サーキットは世界各地にありますので、メディア&テクノロジーセンターは海や大陸を超えてサーキットとやりとりします。通信速度は10Gbpsで、遅延時間は英国から最も遠いオーストラリアでも片道150ミリ秒にとどめています。生放送は1シーズンに430時間以上行われているそうです。テレビ局など向けにグラフィックやCGも制作しますし、1000分の1秒単位で計時も行います。
イベントテクニカルセンターには750台の機器が収納されていますが、ハードウェアを提供しているのは2022年からF1のオフィシャルパートナーで、今回のF1日本グランプリのタイトルスポンサーでもあるLenovo(レノボ)です。
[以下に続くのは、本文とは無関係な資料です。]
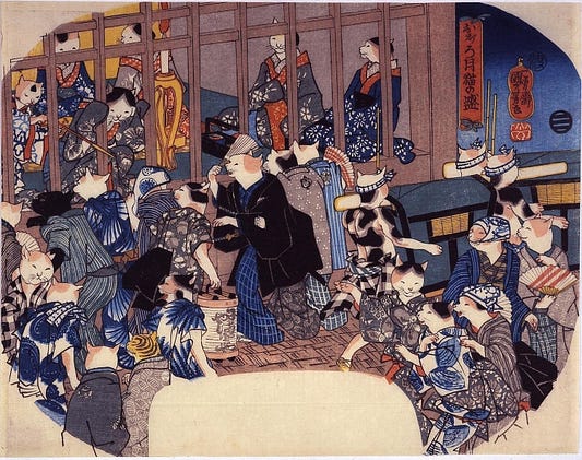 This ukiyo-e print by Utagawa Kuniyoshi (1846) is titled 'Hazy Moon Cats' or alternatively 'Pale Moon, Cats in Season' and depicts cats as courtesans in the Yoshiwara pleasure district. At the time, depicting prostitutes in artwork was prohibited so Kuniyoshi, who was an avid cat lover, created the scene with cats rather than humans.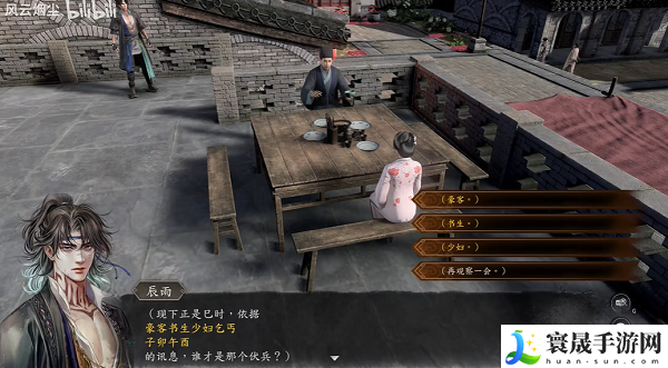 6、然后找蝨子徐,帮他打赢3个流氓,获得纸条消息——豪客书生少妇乞丐,子卯午酉。巳时酒楼的消息。午时有美丽少妇。酉时有个乞丐。前往状元楼旁边的露天酒店找到伏兵——书生。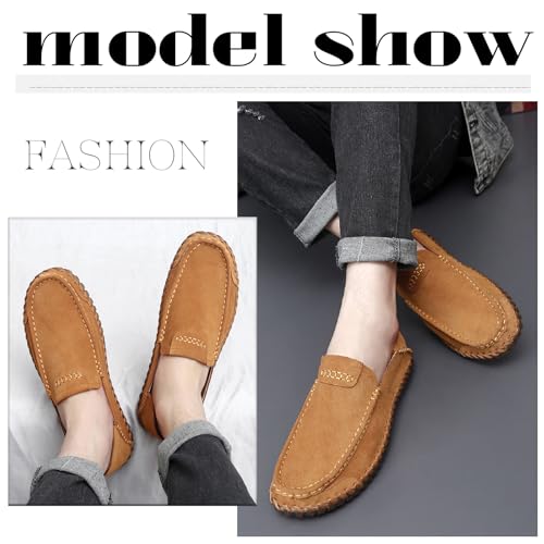 More information about Men's Suede Hand Stitching Penny Loafers Lightweight Breathable Round Toe Slip-On Flat Moccasin Driving Shoes Casual Daily Work Walking Shoes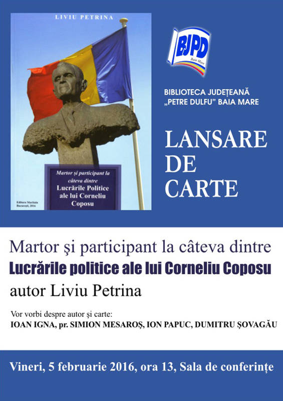Va avea loc lansarea cărţii „Martor şi participant la câteva dintre lucrările politice ale lui Corneliu Coposu„, de Liviu Petrina.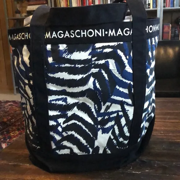 NWOT Heavy canvas tote bag in stylish tan, black and royal blue graphic print. Perfect for shopping in style, a carryall bag for a day in town, antiquing, or hanging at the beach. Interior zip pocket for keys, wallet, phone. Approximate measurements: 14” tall x 17” wide with 6.5” depth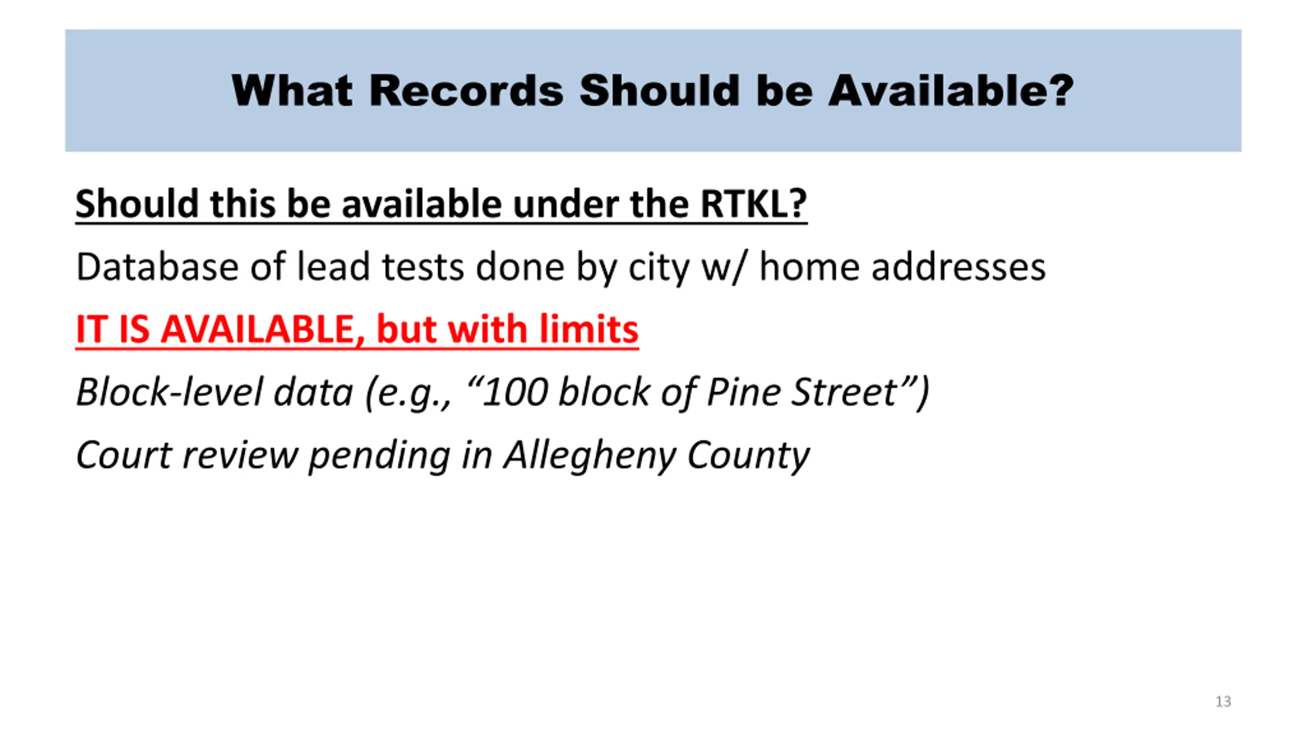 What Records Should be Available? Should this be available under the RTKL? Database of lead tests done by city w/ home addresses 12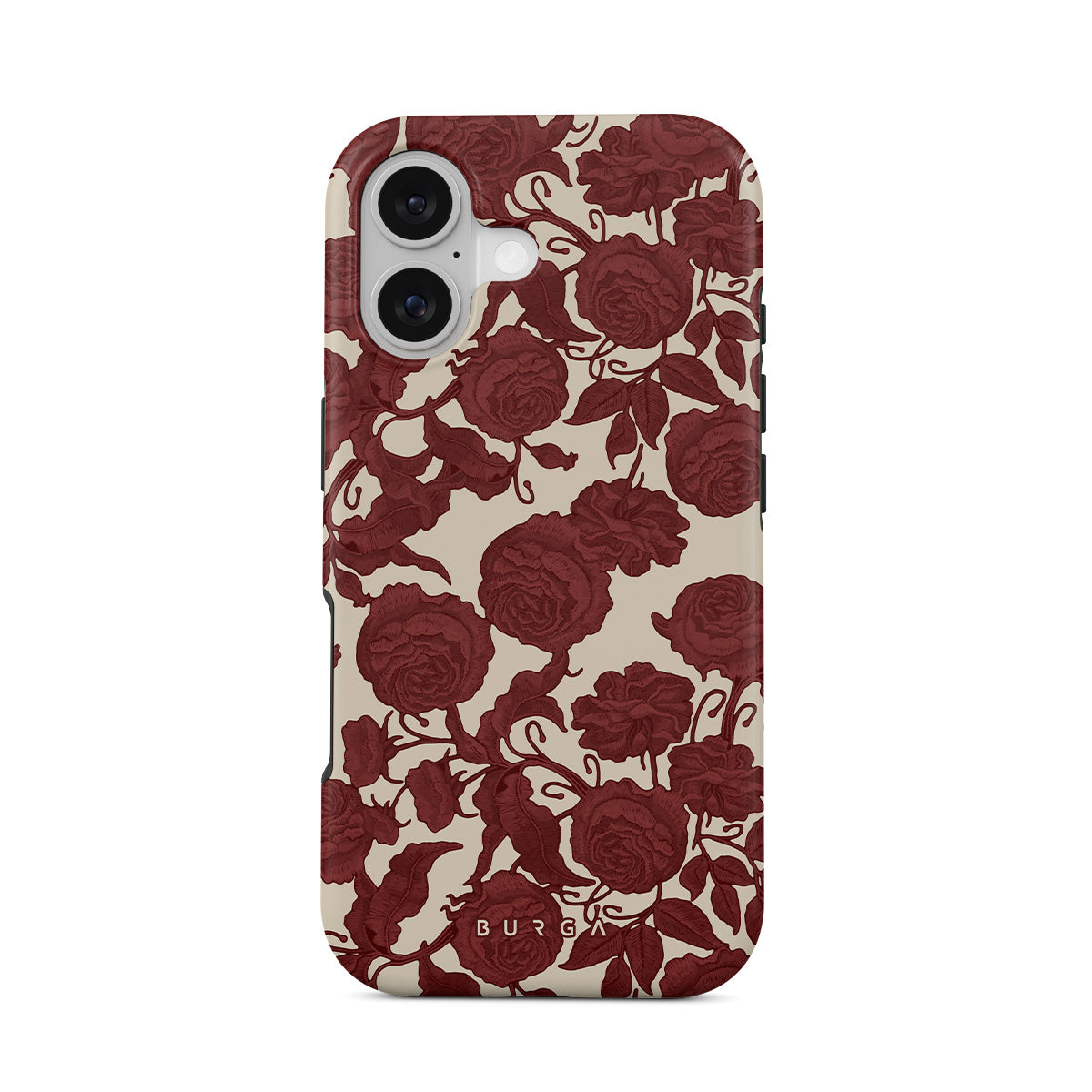 Questo design presenta: rose rosso scuro, motivo floreale intricato, motivo vintage.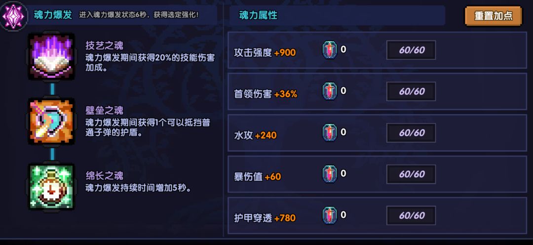 对于魂点不够用的同学,在满足穿透和暴击的前提下,各项属性平均分配点取,或者可根据自己面板来自己调整加点

イベントテクニカルセンターはサーキット常設ではなく、レースごとに世界各地を移動します。その都度組み立てて設営し500TBのデータ量を受け止めるのだそうです。設営に使える日数は、短い場合で4日間という場合もあるのだとか。
世界中のF1ファンが、場合によってはリアルタイムで待っている中で、遅延なく安定してコンテンツを届けるのは「ミッションクリティカルだ」とLenovo Asia Pacific Solutions and Services Group, Executive Director and General ManagerのFan Ho氏はコメントしています。
あまり知名度のないスポーツだと世界大会の前にメディアなどがルールや見どころなどを詳しく紹介しています。ただ、モータースポーツの多くは既に一定の知名度があるせいか、詳しい人に向けたメディアと詳しいファンで盛り上がっているため、初心者にはハードルが高く見えてしまいます。
しかし、きっかけや見せ方(魅せ方)さえ用意すれば、初心者であっても「すごい! かっこいい!」と盛り上がることができる懐の広さがあると思います。サーキットに行けばもちろん楽しいし、リアルタイムな配信や今後のAR/VR活用などによって行けなくても楽しめる方法も広がろうとしています。
また、“500TB”にはまだまだ使いこなす余地があります。LenovoでChief Marketing Officerを務めるEmily Ketchen氏は「今後もF1のテクニカルな部分でのパートナーシップを継続、拡大してどのようなニーズにも応えていきます」と述べています。どうやって、どんな風に楽しさを伝えていくか、自動車業界にとどまらないさまざまな協力の可能性がありそうですね。
過去のホンダのF1ファンからは「やっぱり買うならホンダのクルマがいいと思った」という話を聞いたことがあります。F1の技術と接点がない車種だとしても、「あのF1で頑張るホンダのクルマである」ということがうれしかったのだそうです。それなりによくできたモノが手ごろな価格で手に入る今、「このブランドがいい」と思う気持ちは薄れてもおかしくありません。F1にかかわる自動車メーカーが増えていく中で、どのようにファンづくりをしていくのか注目したいと思います。